Ornate Chorus Frog

Scientific name: Pseudacris ornata

These stout frogs have very strong markings, and coloring that varies based on their habitat—from tans and red-browns, to strong greens. They are more commonly seen and heard during winter and spring months, and then they burrow into sand and leaves to wait out the warm seasons.


Small and stout, usually 1 to 1.5 inches long. Color varies based on habitat, usually from green-gray to reddish-brown. They usually have a solid or broken line from their nose to their sides. Their bellies are white and often their heads have a faded triangle mark. Sometimes their lower backs have dark spots or stripes, and sometimes their hind legs have yellow spots.

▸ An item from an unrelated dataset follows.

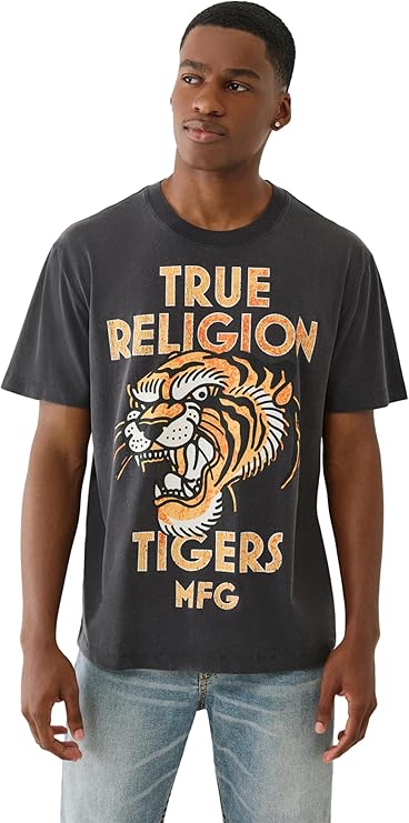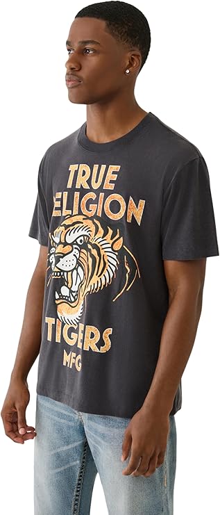 True Religion Men's MFG Tiger Vintage Tee. Crafted from soft, this short sleeve crewneck t-shirt features a striking tiger graphic that gives off vintage, streetwear-inspired vibes. Designed with comfort and attitude in mind, it’s a standout staple for any casual wardrobe.

Ornate chorus frogs generally live in pinelands or upland fields and woods, and spend the hotter seasons of summer and fall burrowed under sand and vegetation. They become active as the weather cools and move downhill toward water for their winter-spring breeding season. Their preference for being active in the winter months means their main predators—snakes—are already hibernating, and their striking markings create an additional layer of camouflage protection.


Ornate Chorus Frog


Insectivores. They eat mainly worms, larvae and small insects.

Habitat & Range


Scientists studying these frogs have noted that they rarely live more than one or two breeding cycles because of predation and fighting among frogs. Urbanization has disrupted their habitats as well, causing scientists to watch their populations cautiously.